Сынок! Я невольно вздрогнул. Ну, как ей объяснить?
— Этот человек — мой напарник. Но он не знает, кто я. Он не знает, что мои родители богатые люди, и я могу вообще не работать. Мы с ним так здорово ладим, потому что он думает обо мне, как о равном. Я не хочу, чтобы ты все испортила. Я дам тебе номер его телефона, если ты не скажешь, что я твой сын. Ты просто заказчица. Богатая клиентка с Рублевки. Но ко мне это не имеет никакого отношения.
— Хорошо, — улыбнулась мать и потрепала меня по волосам. — Я сохраню твою тайну. А папе мы вообще ничего не скажем. Он предоставляет мне полную свободу действий. У него своя работа, у меня своя. Снимки чудесные. Их можно разместить в глянцевых журналах. К тому же я щедро ему заплачу.
— Тогда записывай номер мобильного телефона! — весело сказал я. Деньги Сгорбышу нужны.
— Записала, — сказала мать, поглаживая блокнотик. — А кого спросить?
— Его фамилия Сгорбыш. Павел Сгорбыш.
Мне показалось, что она в замешательстве. Во всяком случае, она задумчиво сказала:
— Где-то я слышала это имя. В связи с чем-то.
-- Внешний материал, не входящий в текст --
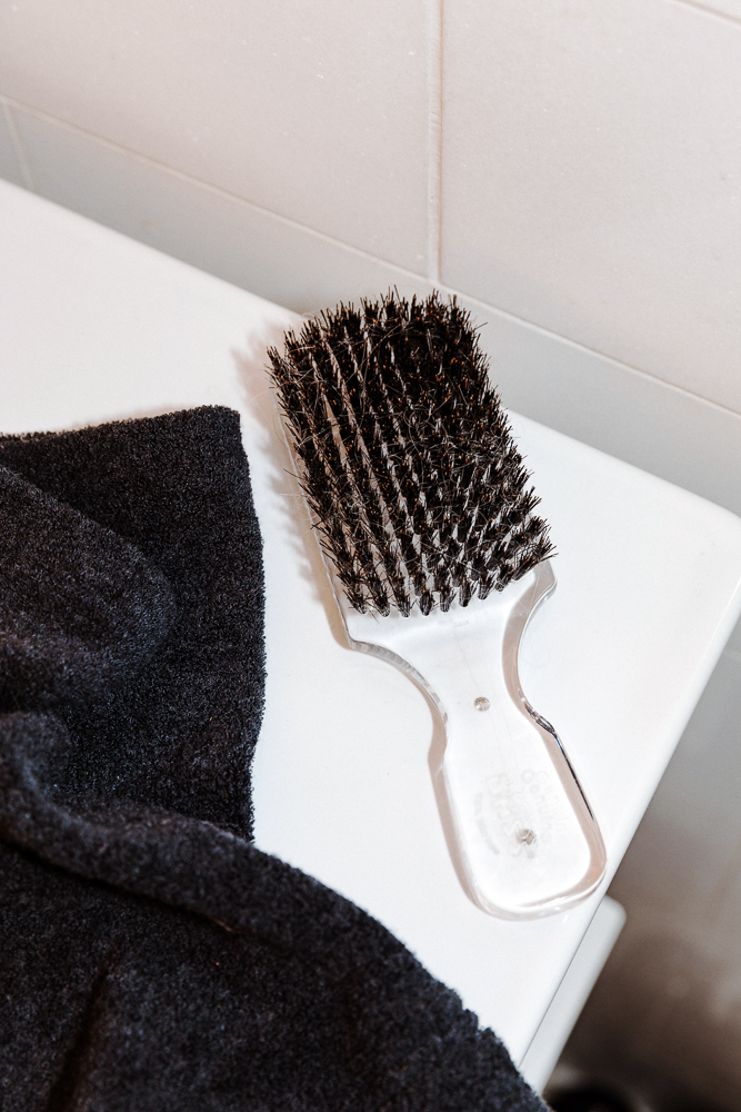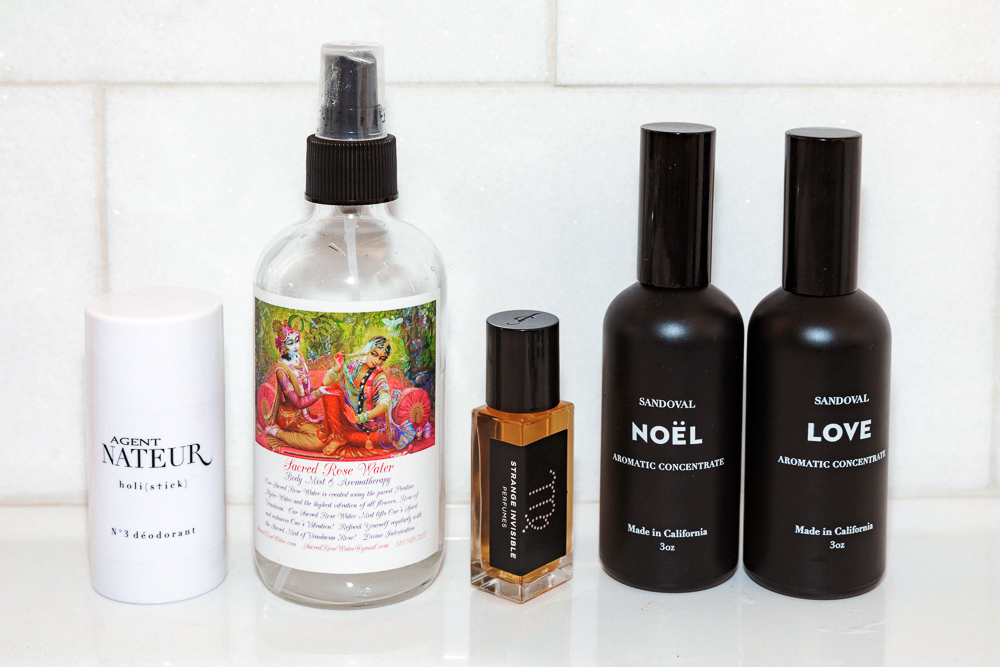 Dry brushing is another thing I do daily—I'm in love with my dry brush, which is Japanese, and I got it from Tortoise General Store in Venice Beach. You always brush towards the heart, right before you get into the shower, and you slough off all of the junk. It's incredible for ingrown hairs, and it's good for the lymph. I also make my own body scrub out of salt and sugar and whatever oils I have on hand, but if I don't have anything, I'll just do the dry brush. After that I'll use this Strange Invisible Perfumes Body Wash, which smells like neroli, and I pat the Kahina Body Serum on all over. That has a some neroli in it, too.

— Он хороший фотограф, — заверил я. — Но пьет. Была неприятная история с известной актрисой. Я знаю, ты иногда смотришь этот сериал. Ее снимки в обнаженном виде были обнародованы в Интернете.
Я назвал имя.
— Ах вот оно что! — всплеснула руками мать. — Но почему мне знакома его фамилия? Где же я ее слышала?
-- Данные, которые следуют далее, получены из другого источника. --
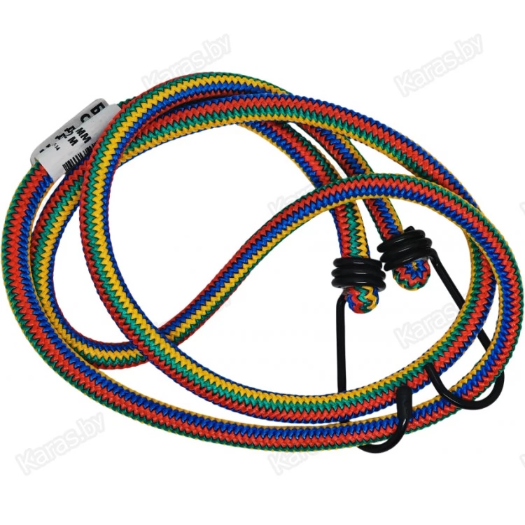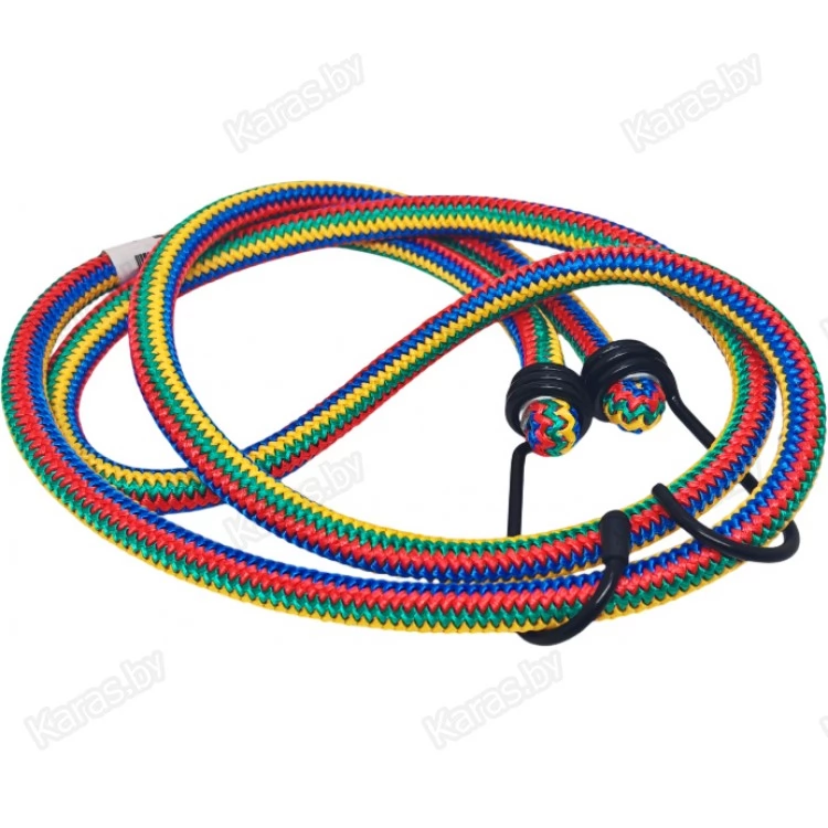 Веревка эластичная различной длины. Удобна для транспортировки груза в быту. Веревка представляет собой шнур из резиновых жил в специальной оплетке. Для удобства крепления и перевозки на концах веревок присутствуют металлические крюки. Они гарантируют сохранность груза и надежность его фиксации при перевозки.

— Может, его вычислили? И все знают, кто продал снимки? Мир полон слухов.
— Я это уточню. И ты говоришь, что работаешь с этим… как его? Сгорбышем?
— Он мой напарник. Знаешь, мне с ним интересно. Он — гений фотографии! Жаль, что ненавидит цифру. Но я над этим работаю.
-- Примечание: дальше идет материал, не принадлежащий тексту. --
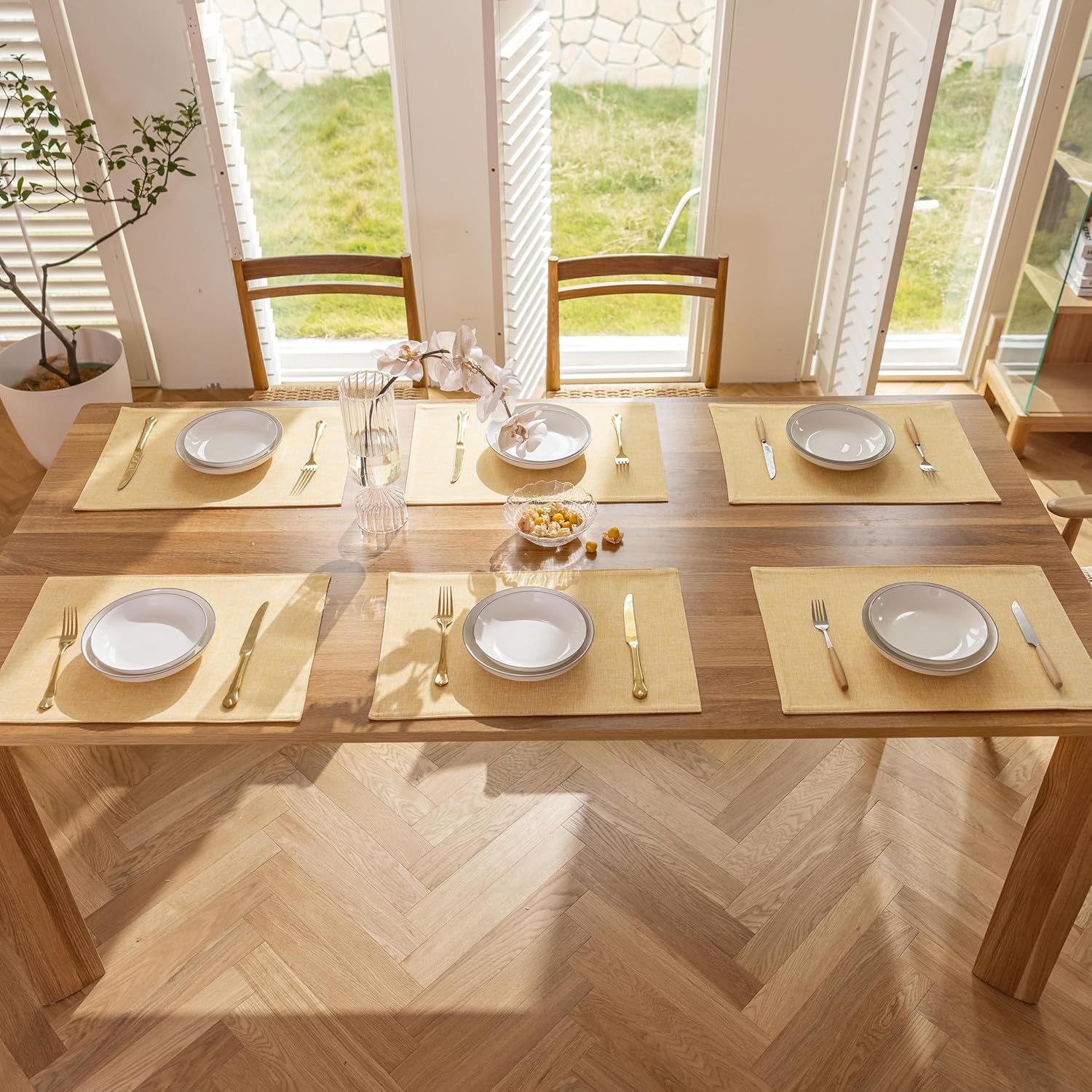 Demetex Placemats Set of 6 Yellow Table Mats Linen Fabric Placemats Heat Resistant Cloth Place Mats for Dining Kitchen Table, Yellow

— Какой же ты еще ребенок. — И она вновь ласково потрепала меня по волосам. Потом что-то записала в золотом блокнотике и поднялась. — Не хочешь погулять по парку? У нас расцвели чудесные розы.
Она была самой чудесной розой, расцветшей в этом саду. Высокая эффектная блондинка, которой никто не дал бы ее сорока девяти. На длинной шее цвел гордый бутон головы. В прекрасном взгляде фиалкового цвета сквозила легкая грусть. Мне казалось, что это богиня, рожденная из пены морской. Она тоскует по цветочному нектару, которым питалась там, на облаках. Ее руки никогда не знали тяжелого труда, ноги всегда ласкала удобная и дорогая обувь. Но она отчего-то грустила. Я знал, что родители любят друг друга, что моя мать выше всяких подозрений. Ее репутация была безупречной. Отчего же эта фиалковая грусть? Мне так хотелось сделать ее счастливой!
Мы гуляли, болтали о пустяках. Раз уж я во всем признался, я мог быть откровенным. Рассказывал о своем напарнике, умолчав, разумеется, о пари. О его странностях, фанатичном увлечении фотографией. Она с интересом слушала. Ведь я проводил с ней так мало времени! Свинья, конечно.